La situation d’interaction au théâtre nous renseigne sur l’utilisation des différentes
stratégies nécessaires pour maîtriser le flux informationnel. On parle en effet de « double
énonciation » : un personnage s’adresse à leur énonciataire direct autant qu’aux
spectateurs. La présence d’un auditoire, physiquement présent, exerce une influence
significative sur les stratégies informationnelles adoptées. Le public visé se compose en
l’occurrence du peuple de Rome, plutôt peu cultivé et souvent très réactif : il avait pour
habitude de répondre aux acteurs pendant la représentation. Il doit traiter l’information en
temps réel et souvent dans le bruit. Le locuteur de Plaute favorise des énoncés courts avec
des groupes thématiques simples. On observe aussi souvent des procédés de
segmentation, qui ralentissent le flot discursif et permettent une certaine focalisation
explicite.
L’étude de l’incidence directe de ce genre sur les stratégies informationnelles
employées et sur les structures syntaxiques privilégiées, peut se faire à partir d’un
adverbe, profecto, qui signifie « vraiment, de fait, réellement, assurément », et qui est un
adverbe orienté vers le locuteur comme le fr. Franchement. Il est dérivé par
grammaticalisation en adverbe d’une adposition pro + factum, participe parfait passif du
verbe « faire », facio : la lexicalisation est confirmée par la fermeture de -a- en -e- en
syllabe intérieure fermée, entraînée par l’univerbation de pro et de facto (littéralement
« conformément au fait »).
Tout d’abord, dans la locution adverbiale pro facto, facto est une forme
nominale et profecto est doté d’un sens modal assertif ou évidentiel.

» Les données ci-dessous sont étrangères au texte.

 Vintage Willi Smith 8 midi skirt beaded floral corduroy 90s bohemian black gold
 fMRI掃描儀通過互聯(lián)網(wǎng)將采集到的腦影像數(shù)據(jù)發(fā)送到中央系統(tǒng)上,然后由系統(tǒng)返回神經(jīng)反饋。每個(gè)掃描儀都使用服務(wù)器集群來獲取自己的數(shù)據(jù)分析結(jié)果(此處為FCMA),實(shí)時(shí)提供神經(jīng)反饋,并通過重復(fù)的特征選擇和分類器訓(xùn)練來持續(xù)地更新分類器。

Dans une deuxième étape, profecto devient un adverbe et, avec son acception
évidentielle, commence à apparaître en position initiale de proposition, où il a une portée
phrastique non ambiguë.
Dans une troisième étape, profecto devient un Marqueur Discursif ou une PEN :
dès Plaute, on commence à trouver également des valeurs en position initiale de
proposition qui impliquent l’élaboration, la clarification des intentions discursives.

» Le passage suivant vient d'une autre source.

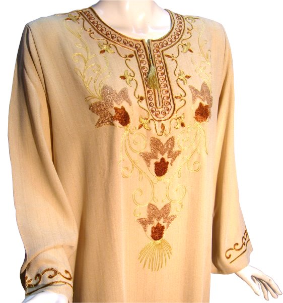 Robe Leyla de couleur beige avec broderie dorée sur le devant et les manches...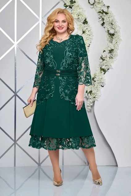 Платье женское, прилегающего силуэта, покроя “годе” из слегка жатого шифона, на подкладке из дышащей, приятной на ощупь и достаточно эластичной ткани. Длина платья по среднему шву спинки 115,0 см. Рельефы переда выходят из проймы, проходят через центр груди вниз. Рельефы спинки выходят из проймы вниз, в среднем шве обработана застёжка на потайную тесьму молнию. Горловина углублённая спереди, обтачная, фигурная, украшена пришивными аппликациями. Рукава втачные, одношовные, длиной 21,0 см. К низу подкладки пришит волан со сборкой из гипюра. Изделия с плечевыми накладками.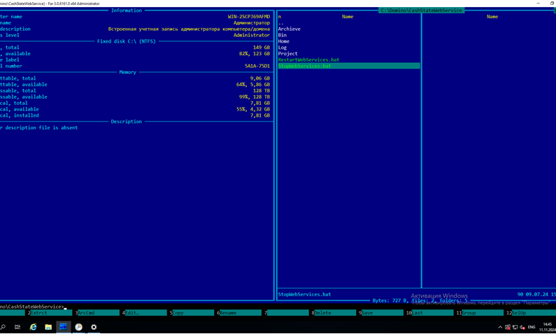 - Перезапустить виртуальную машину, дождаться запуска ОС, убедиться по файлу C:\Domino\CashStateWebService\Log\CashState\8089\Alert_RETAIL-NET.log, что web-сервер стартовал без ошибок и прослушивает нужный адрес и порт.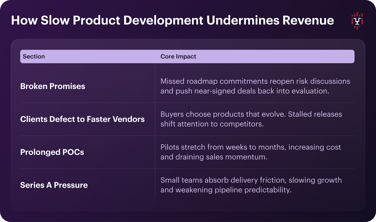When delivery is embedded into the operating model, buyers observe consistent roadmap progress during active evaluations, feedback incorporated within the same quarter, clear ownership over release timelines, and steady movement from pilot to production. The opposite pattern is equally visible and it costs deals.

Les faits du latin invitent à aller dans le sens de l’hypothèse selon laquelle un
adverbe va être détaché de sa position phrastique interne au sein du prédicat, où il a une
portée syntaxique étroite, vers une position d’adverbe à portée phrastique large. Ce
changement ressemble à un processus de grammaticalisation : à l’origine une construction
dont un élément lexical est un constituant, et une étape ultérieure dans laquelle des formes
stabilisées remplissent des fonctions grammaticales. Profecto peut comme en français
porter :
- sur un constituant de la phrase : « Il se trouvera où on lui fait quelque chose de
vraiment bon qu'on va passer une journée dessus. » (FRA – ESLO – 062 France,
Orléans, salon chez témoin, à la fin des années 60)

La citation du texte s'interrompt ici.